Published on November 4th, 2013 | Edited by: Jim Destefani0
Other materials stories that may be of interestPublished on November 4th, 2013 | Edited by: Jim Destefani
University of the Basque Country researchers have developed and patented a new light emitting material based on boron nitride nanotubes and suitable for developing high-efficiency optoelectronic devices. The scientists say structural defects in the BN nanotubes and application of an electric field perpendicular to the structures allow the nanotubes to emit light across the spectrum from infrared to far ultraviolet and facilitates control of the emissions. The defects enabling controlled emission are gaps that appear in nanotube walls due to the absence of a boron atom, which is the most common defect in its manufacture. “All nanotubes are very similar, but the fact that you have these defects makes the system operational and efficient, and what is more, the more defects you have, the better it functions,” one researcher explains.

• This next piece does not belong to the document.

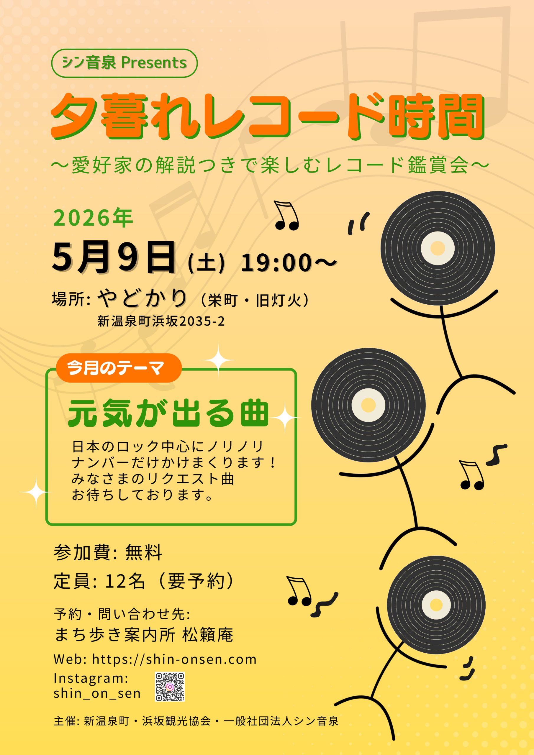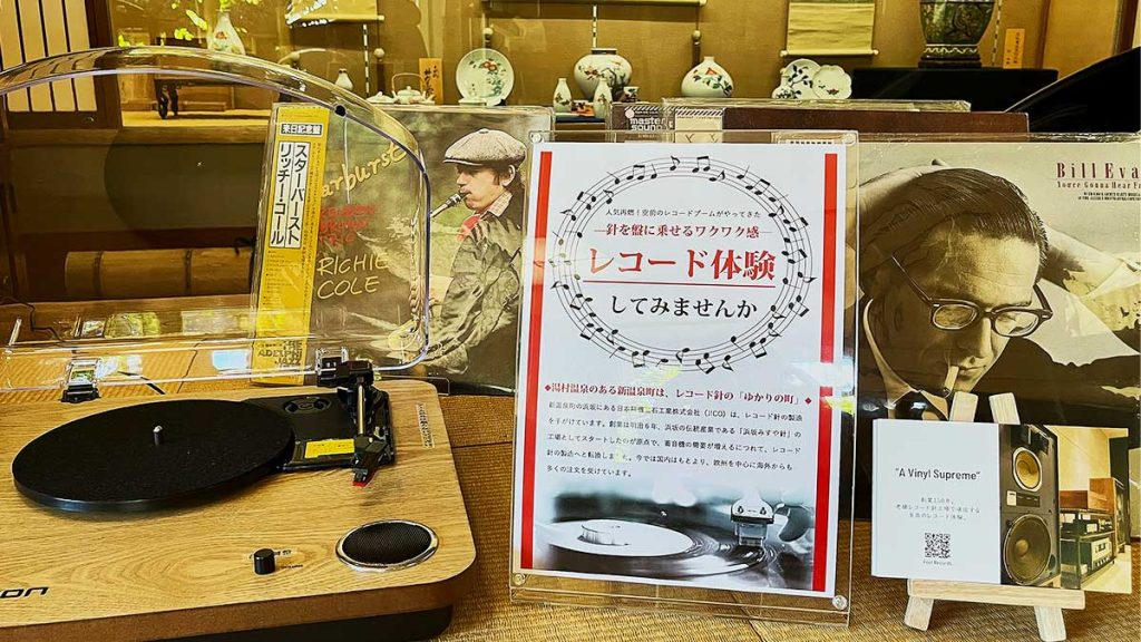 「昭和の町並みでレコードを聴く」体験会や観光客や地域住民向けに、特別な場所での音楽体験を開催しています。 風情のある温泉街に位置する旅館「佳泉郷・井づつや」、「湯けむりの宿・朝野家」、「御宿コトブキ」、「湧泉の宿 ゆあむ」、「大江戸温泉物語 三好屋」、「緑屋」では、ロビーやラウンジにレコードプレーヤーが設置されており、レコードでお客さまをおもてなしされています。この他「蕎麦ろあん湯村」「リフレッシュパークゆむら」「gensen space TOJI」でもお楽しみ頂けます。旅先のゆっくりと流れる時間の中で聴くレコードは格別です。
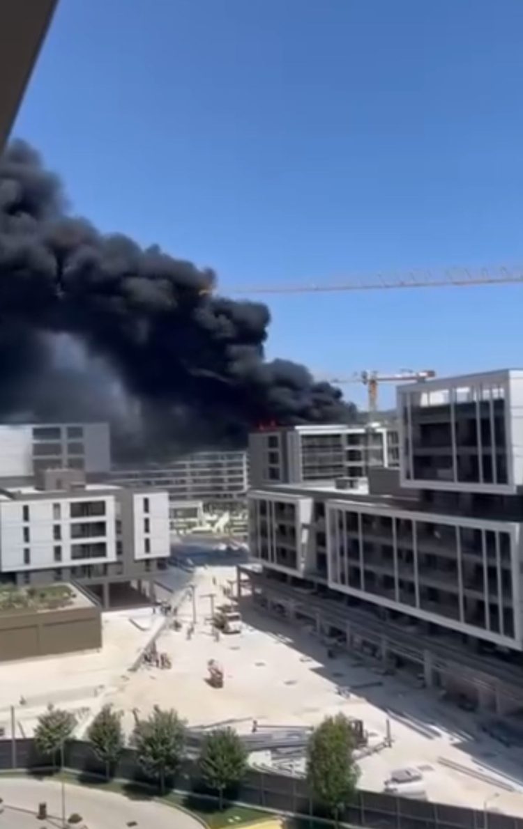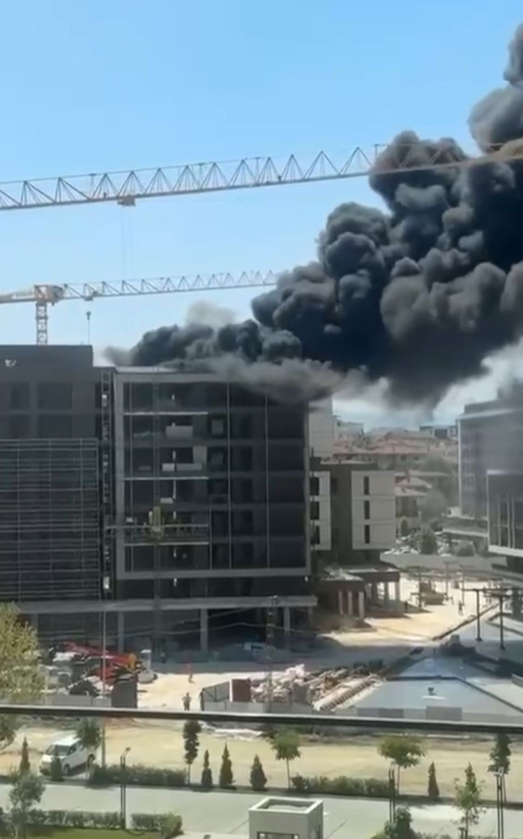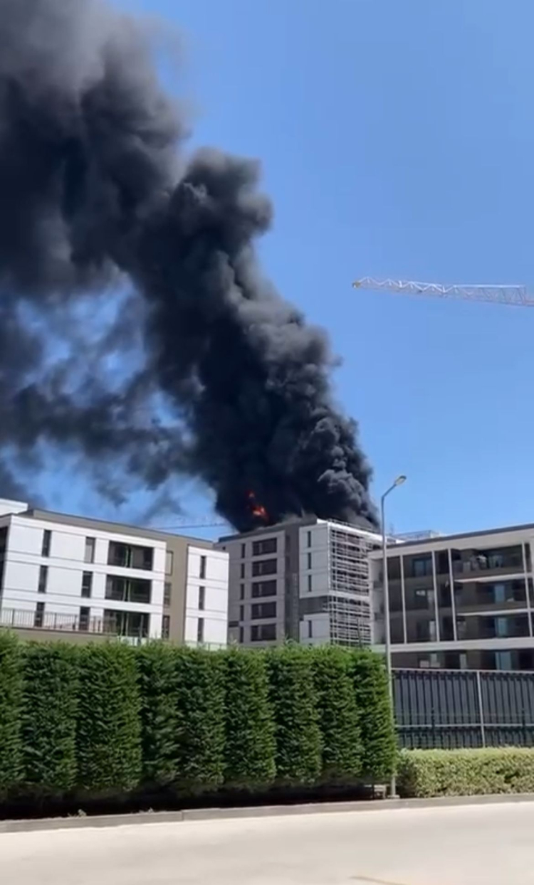 Bursa'da 8 katlı inşaatın çatısı alev alev yandı

A research team led by Sandia National Laboratory scientists has created a tunable plasmonic crystal researchers say could increase the bandwidth of high-speed communication networks and generally enhance high-speed electronics. The material’s tunable plasmonic effect is achieved by adjusting a voltage applied to an electron plasma that forms naturally at the interface of semiconductors with different band gaps, making the crystal agile in transmitting terahertz light at varying frequencies. Scientists say the plasmonic crystal method could be used to shrink the size of photonic crystals, which are artificially built to allow transmission of specific wavelengths, and to develop tunable metamaterials, which require micron- or nano-sized bumps to tailor interactions between manmade structures and light. Results of the work were recently published in an online paper in Nature Photonics.
Scientists at the University of Twente (Netherlands) MESA+ Institute for Nanotechnology have designed a device that can store data for millions of years even in extreme temperatures. The information carrier is a tungsten wafer encapsulated by silicon nitride. A QR code is etched into the tungsten and is protected by the Si3N4. Each pixel of the large QR code contains a smaller QR code that in turn stores different information. The researchers performed an accelerated aging test by heating the storage device to 200°C for an hour. After the test there was no visible degradation of the tungsten, and the encoded information was still easily readable. The QR codes became more difficult to read after exposure to temperature of 440°C, even though the tungsten was not affected.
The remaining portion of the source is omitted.